Our core mission at The Washington State Department of Commerce is to Strengthen Communities. To accomplish this mission we must embed the values of diversity, equity and inclusion in all aspects of our work.

The services Commerce provides span many aspects of the success of our communities and the people that reside within them. Community services, economic development and competitiveness, energy, housing, local government and all the programs that support these efforts are integral to a thriving Washington. Yet, within each of these areas lie consistent evidence of the disparate impacts that Washingtonians and Tribes face on the basis of race, gender, sexual orientation, and disability among other unique and intersectional identities. This is why it is imperative that we demonstrate and model pro-equity anti-racist principles to ensure fair and equitable outcomes for our customers and for our workforce. We strive to provide excellent services, recruit and build for highly effective teams, and know the only way to accomplish that is by embracing equity as a core principle of our work.

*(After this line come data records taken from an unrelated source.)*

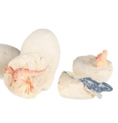 To idealny zestaw archeologiczny dla dzieci, które marzą o tym, by zostać odkrywcami. Każde z 12 jajek do odkrywania dinozaurów kryje tajemniczą skamielinę dinozaura, gotową do odkrycia. Dziecko, niczym mały archeolog wykopaliska, przy pomocy zestawu narzędzi archeologicznych - dłutka i pędzelka - odkopuje swoje znalezisko, ucząc się cierpliwości, koncentracji i precyzji.
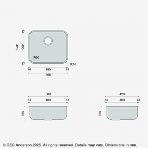 The BE55 is one of the GEC Anderson® standard range of individual stainless steel sinks.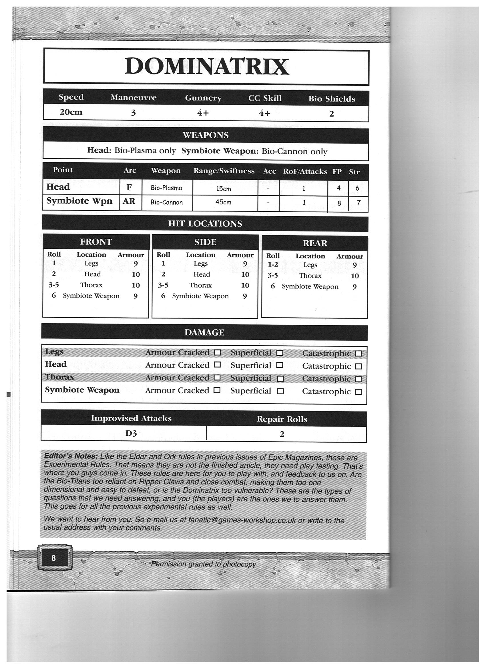 I've been looking at the Adeptus Titanicus II rules from various issues of the Epic 40,000 Magazine. The problem is, the rules for the Tyranids which were available as a PDF download only have the rules - the actual data cards for the Heirophant, Heirodule and Dominatrix aren't included.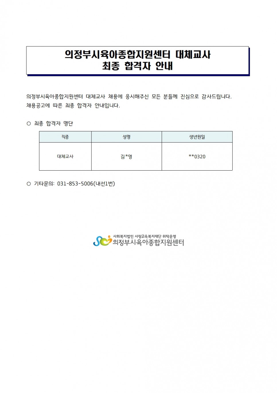 [채용]의정부시육아종합지원센터 직원 채용(대체교사) 최종 합격자 발표 페이지 정보 작성자 의정부센터 댓글 0건 조회 1,739회 작성일 2023-05-26 09:32 본문 [채용]의정부시육아종합지원센터 직원 채용(대체교사) 최종 합격자 발표 목록 이전글[런치특강] 우리아이 이유있는 행동 이해하기 (단체 신청서 첨부) 23.05.26 다음글2023년 육아정보지 여름호 신청 안내 23.05.25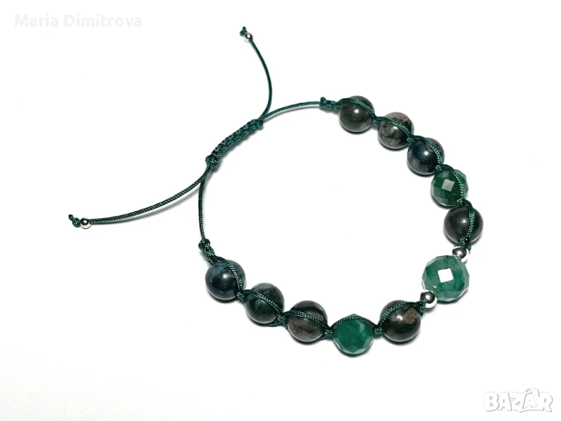 3 Снимка: Женска гривна с Изумруд фасет 10мм, Изумруд фасет 8мм, Африкански опал 8мм, сребърни мъниста 925, сребърни стопери 925, дължина 11-22см- 29лв

We also recognize that history created disparities in our systems long ago, but as members of that system now, it is our job to change it so that:

  • All of our employees feel valued and can contribute to the important goals of our agency;
  • Our customers receive culturally responsive services that promotes partnership;
  • The business decisions we make are equitable and serve to provide customer satisfaction, financial health, and team health; and
  • No one, internally or externally, is left in the margins.

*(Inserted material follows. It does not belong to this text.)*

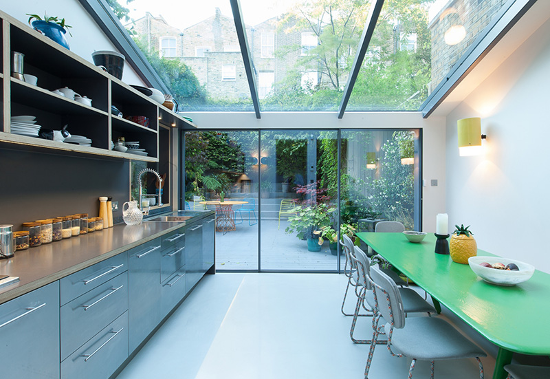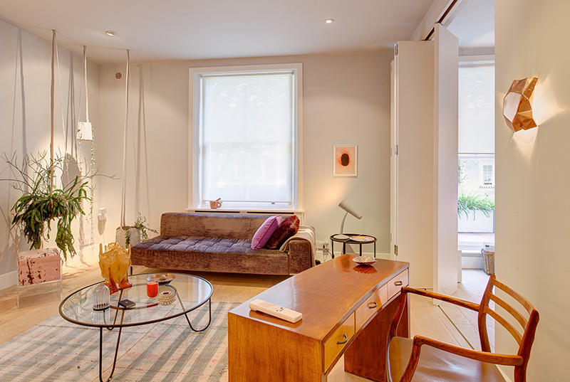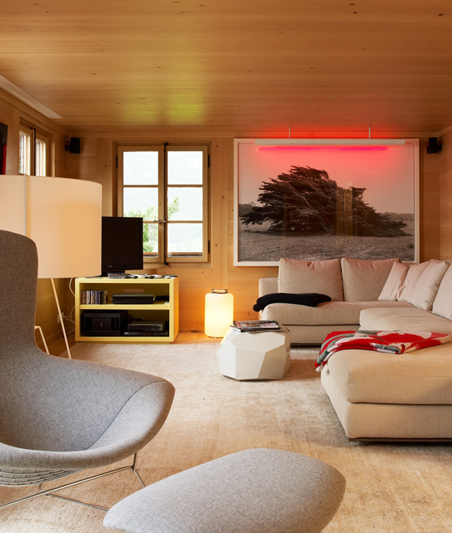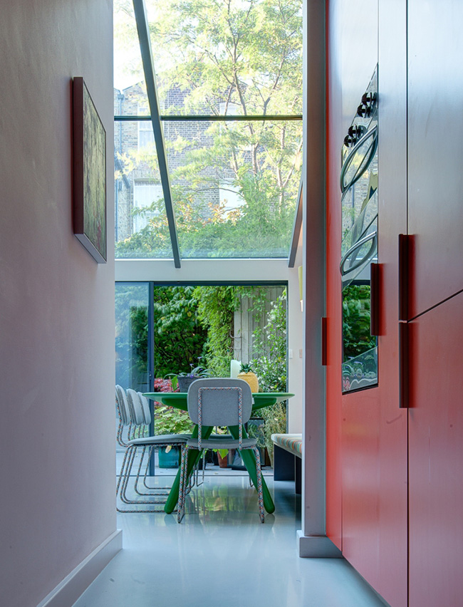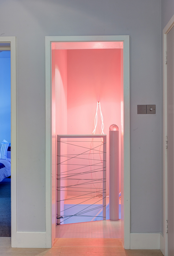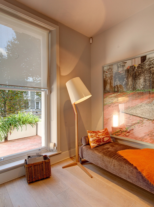 London-based architecture and design firm Camu & Morrison have caught my eye with their contemporary style. What I love is that there is something really unique and fun in each of their spaces. Like the huge piece of art in the photo above, and thanks to the photo below I now want to find a picture light with a pink bulb!

In accordance with multiple state directives including Gov. Jay Inslee’s April 2018 memorandum on inclusive and respectful work environments, State Human Resources directive 20-02, and Executive Orders 22-01 and 22-02 the agency has sought to recognize the impact, regardless of intent, of our actions in perpetuating inequities among historically marginalized groups, including people of color. This includes how we deliver services and resources to our customers, as well as the agency’s commitment and support to the workforce so that our teams may do their best work.

We are responsible for the workplace culture we create today and in the future. Much work remains for us as a department, as teams, and as individuals to accept our responsibility and seize our opportunity to build policies, procedures, systems and practices that promote equity. We know that a respectful work environment that truly values differences helps our entire workforce achieve our mission, accomplish our goals, and builds a workforce able to engage well with our customers and each other.

The goal is institutional and structural change, which requires resources to implement: time, money, skills, and effort. It requires us to do our work differently and build relationships. To that end, I ask that we all turn a critical eye to our policies and practices through some key questions:

  1. What are the desired results and outcomes?
  2. What does the data tell us?
  3. How have communities been engaged or are there opportunities to expand engagement?
  4. Who benefits and who is burdened?
  5. What strategies can you implement to change the story?
  6. How will you ensure accountability, communicate, and evaluate results?

As a public service organization, we will continue to build and sustain a workplace that embeds equity and justice into every action, and where doing so is so simply the default that we may be recognized as an agency that Strengthens All Communities.